*** Recorded data ***
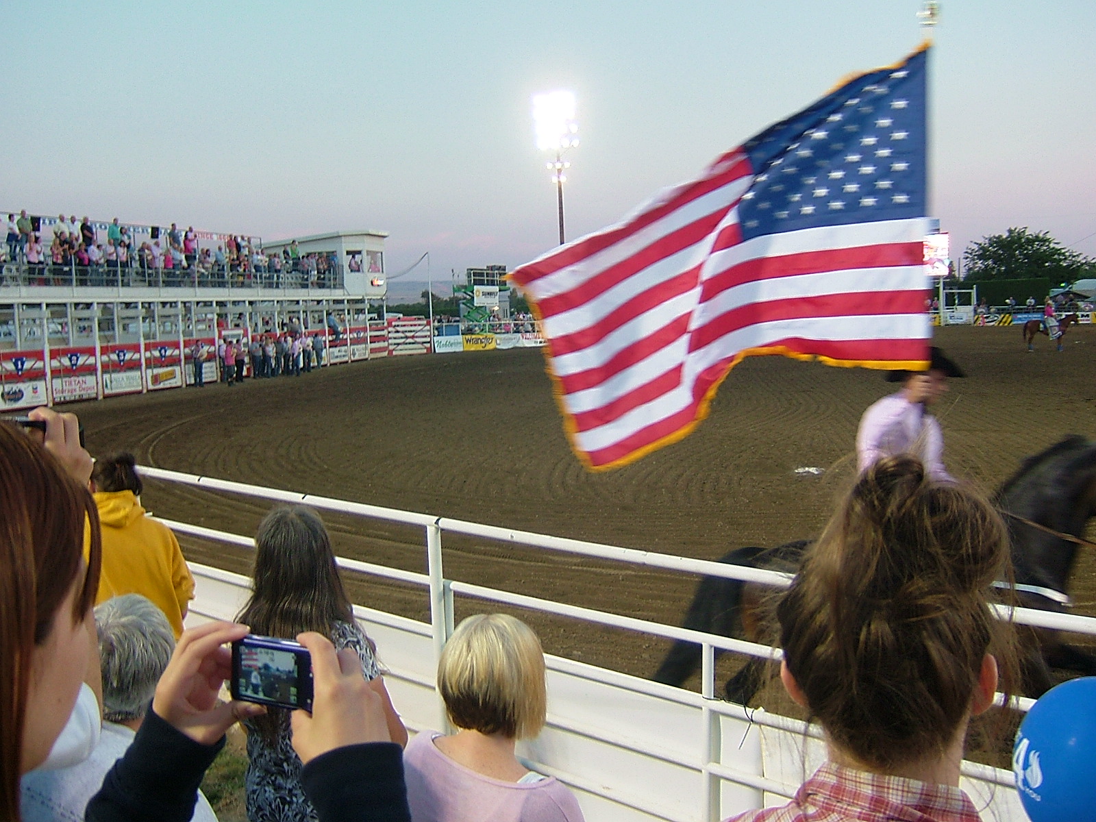 男性がアメリカの国旗を手に持ち、馬に乗っているところを観客が見ている写真 拡大画像 (JPEG: 586.8KB)
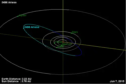 - Орбита астероида Ариесо и его положение в Солнечной системе
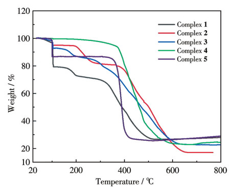 The crystal structures of complexes 1-5 were determined by single-crystal X-ray diffraction. Reflection data were collected at room temperature on a Bruker APEX Ⅱ area detector diffractometer[31] equipped with a graphite-monochromatic Mo radiation (λ=0.071 073 nm) with ω-2θ scan mode at 293(2) K. Empirical absorption corrections were applied to all data using the SADABS program. The structure was solved by direct methods and refined by full-matrix least squares on F2 using SHELXTL-2014 software[32-33]. All non-hydrogen atoms were located by direct methods and subsequent difference Fourier syntheses. All hydrogen atoms were located by geometrical calculations, and their positions and thermal parameters were fixed during the structure refinement, with C—H lengths of 0.093-0.097 nm and O—H length of 0.082 nm. Crystallographic data and pertinent information are given in Table 1. Selected bond lengths and bond angles are given in Table S1 (Supporting information), and hydrogen bond lengths and bond angles are given in Table S2.
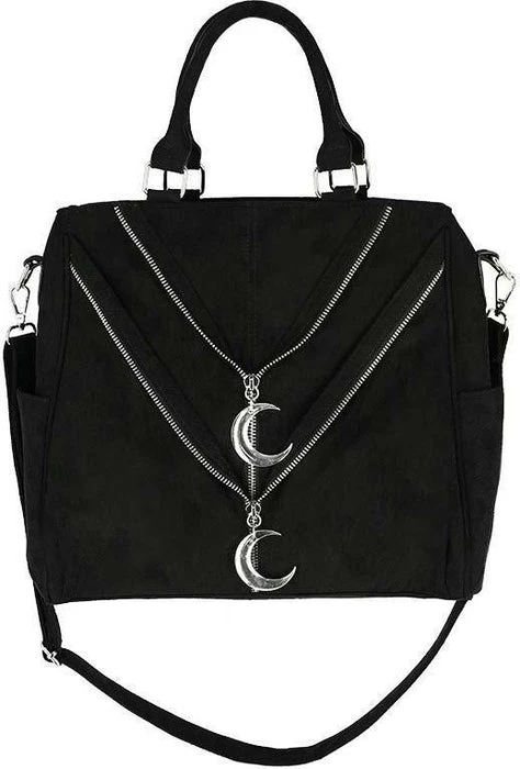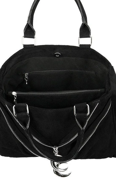 An icon worthy of investment.ย Double Zipped Moon Toteย is a head-turning handbag for the gothic woman on-the-go. Crafted from black faux suede, theย roomy silhouette is embellished with lustrous Crescent Moons and zipped details. Splitย internalย compartment make organisation a breeze, whileย silver hardware andย moon charms promise to addย magical flair to any ensemble. Make glamour part of your everyday, taking it from desk to dinner with ease.ย Carry yours by the top handle or opt for the removable crossbody strap to go hands-free.
***
■ **What needs to be done**
Give back the material above exactly as it appears, minus any picture.

■ **Result of this exercise**
 男性がアメリカの国旗を手に持ち、馬に乗っているところを観客が見ている写真 拡大画像 (JPEG: 586.8KB)
 - Орбита астероида Ариесо и его положение в Солнечной системе
 The crystal structures of complexes 1-5 were determined by single-crystal X-ray diffraction. Reflection data were collected at room temperature on a Bruker APEX Ⅱ area detector diffractometer[31] equipped with a graphite-monochromatic Mo radiation (λ=0.071 073 nm) with ω-2θ scan mode at 293(2) K. Empirical absorption corrections were applied to all data using the SADABS program. The structure was solved by direct methods and refined by full-matrix least squares on F2 using SHELXTL-2014 software[32-33]. All non-hydrogen atoms were located by direct methods and subsequent difference Fourier syntheses. All hydrogen atoms were located by geometrical calculations, and their positions and thermal parameters were fixed during the structure refinement, with C—H lengths of 0.093-0.097 nm and O—H length of 0.082 nm. Crystallographic data and pertinent information are given in Table 1. Selected bond lengths and bond angles are given in Table S1 (Supporting information), and hydrogen bond lengths and bond angles are given in Table S2.
 An icon worthy of investment.ย Double Zipped Moon Toteย is a head-turning handbag for the gothic woman on-the-go. Crafted from black faux suede, theย roomy silhouette is embellished with lustrous Crescent Moons and zipped details. Splitย internalย compartment make organisation a breeze, whileย silver hardware andย moon charms promise to addย magical flair to any ensemble. Make glamour part of your everyday, taking it from desk to dinner with ease.ย Carry yours by the top handle or opt for the removable crossbody strap to go hands-free.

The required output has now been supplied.